**Data for this task**
*** Block opens ***

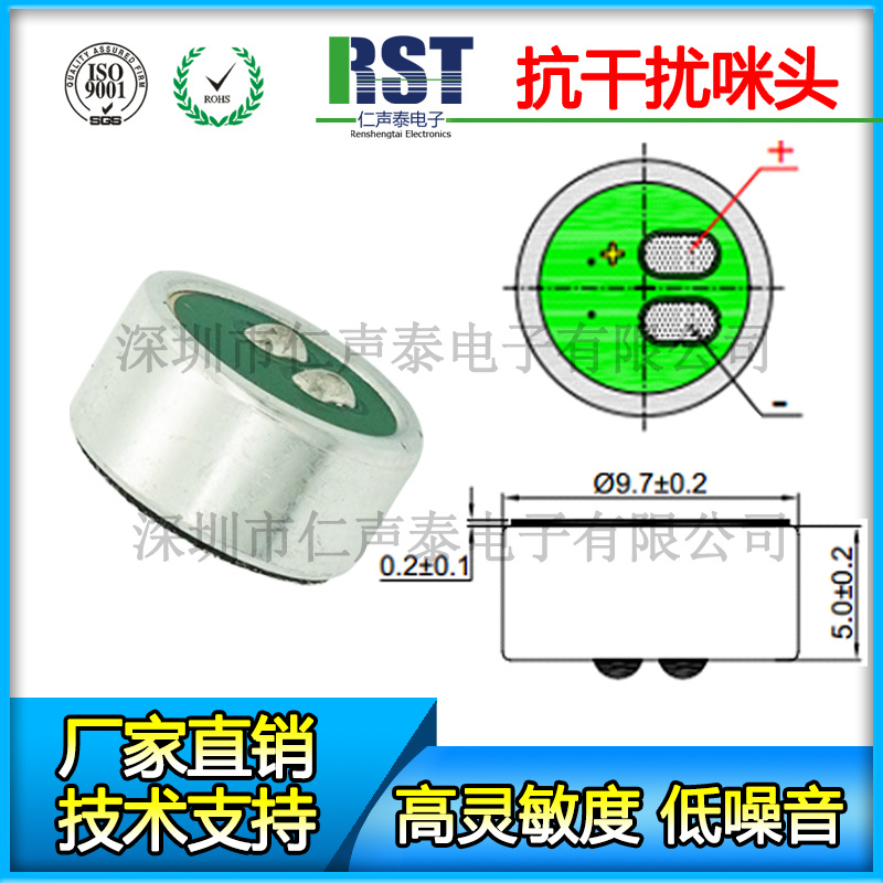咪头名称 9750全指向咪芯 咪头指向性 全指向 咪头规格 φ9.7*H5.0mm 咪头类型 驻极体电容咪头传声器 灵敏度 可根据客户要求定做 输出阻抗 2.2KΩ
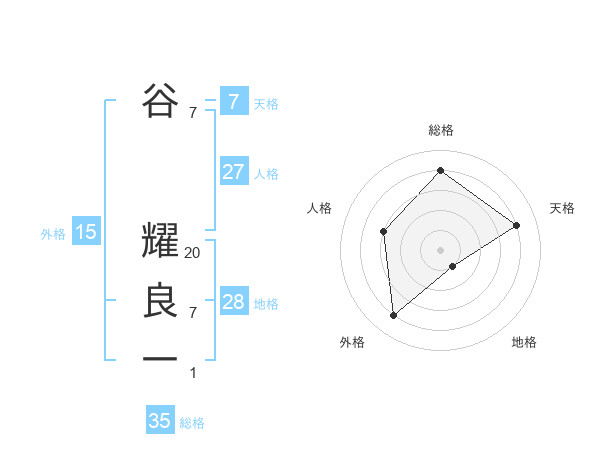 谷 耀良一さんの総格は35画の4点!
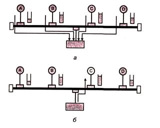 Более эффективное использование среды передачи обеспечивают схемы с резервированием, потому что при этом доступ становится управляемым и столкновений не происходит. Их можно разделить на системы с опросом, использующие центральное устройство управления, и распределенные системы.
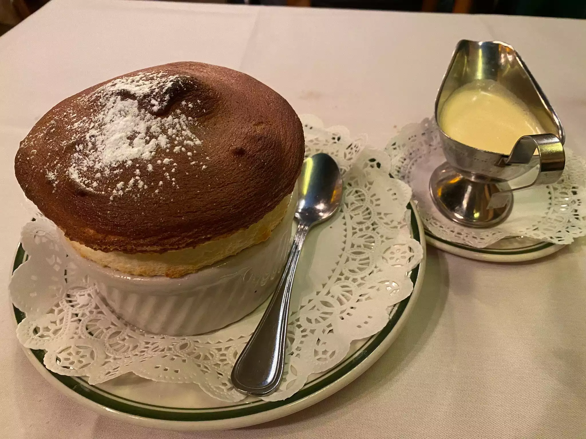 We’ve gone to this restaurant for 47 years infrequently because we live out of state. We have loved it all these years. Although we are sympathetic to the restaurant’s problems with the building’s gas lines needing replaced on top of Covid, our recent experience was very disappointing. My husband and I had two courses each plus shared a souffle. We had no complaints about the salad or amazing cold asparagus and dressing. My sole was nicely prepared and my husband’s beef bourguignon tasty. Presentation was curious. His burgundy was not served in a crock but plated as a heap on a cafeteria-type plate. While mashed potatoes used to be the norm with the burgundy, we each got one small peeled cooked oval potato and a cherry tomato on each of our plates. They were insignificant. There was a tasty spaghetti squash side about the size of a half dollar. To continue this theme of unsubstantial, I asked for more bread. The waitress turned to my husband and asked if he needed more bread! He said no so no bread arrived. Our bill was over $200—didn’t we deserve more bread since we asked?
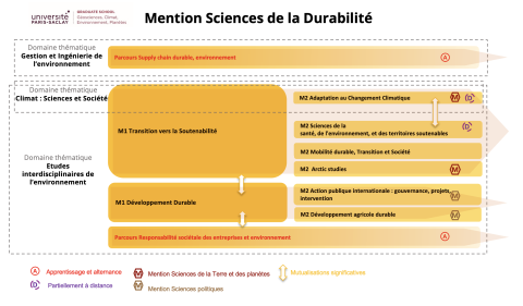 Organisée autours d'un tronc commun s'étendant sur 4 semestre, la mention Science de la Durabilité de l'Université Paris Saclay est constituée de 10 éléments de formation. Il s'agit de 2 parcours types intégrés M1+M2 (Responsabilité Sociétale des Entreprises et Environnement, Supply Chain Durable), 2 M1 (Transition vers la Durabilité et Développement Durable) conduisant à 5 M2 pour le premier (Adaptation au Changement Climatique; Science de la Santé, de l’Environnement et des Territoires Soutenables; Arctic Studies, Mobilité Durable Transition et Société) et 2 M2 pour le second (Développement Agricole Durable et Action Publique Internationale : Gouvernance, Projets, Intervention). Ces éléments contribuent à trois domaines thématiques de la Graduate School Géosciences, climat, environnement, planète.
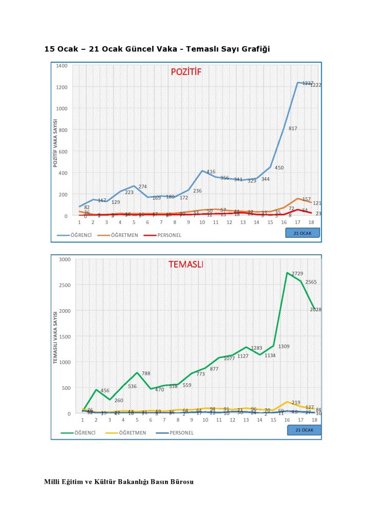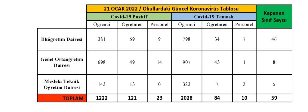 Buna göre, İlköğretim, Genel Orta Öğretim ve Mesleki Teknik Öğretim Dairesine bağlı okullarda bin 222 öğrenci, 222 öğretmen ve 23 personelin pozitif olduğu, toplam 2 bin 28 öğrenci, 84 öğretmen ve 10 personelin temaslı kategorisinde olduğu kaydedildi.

*** Block closes ***
*** Block opens ***

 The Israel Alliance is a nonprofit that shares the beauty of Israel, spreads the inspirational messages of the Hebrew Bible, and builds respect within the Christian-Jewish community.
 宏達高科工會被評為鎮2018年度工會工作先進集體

*** Block closes ***
*** Block opens ***

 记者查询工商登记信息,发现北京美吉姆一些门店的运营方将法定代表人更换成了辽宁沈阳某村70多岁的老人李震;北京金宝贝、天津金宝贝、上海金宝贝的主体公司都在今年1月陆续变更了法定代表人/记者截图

*** Block closes ***

**Problem statement**
Everything above from the line containing "咪头名称 9750全指向咪芯 咪头指向性" down to the line containing "Более эффективное использование" is to be duplicated exactly, both lines included, and the pictures are to be omitted.

**Output of the task**
咪头名称 9750全指向咪芯 咪头指向性 全指向 咪头规格 φ9.7*H5.0mm 咪头类型 驻极体电容咪头传声器 灵敏度 可根据客户要求定做 输出阻抗 2.2KΩ
 谷 耀良一さんの総格は35画の4点!
 Более эффективное использование среды передачи обеспечивают схемы с резервированием, потому что при этом доступ становится управляемым и столкновений не происходит. Их можно разделить на системы с опросом, использующие центральное устройство управления, и распределенные системы.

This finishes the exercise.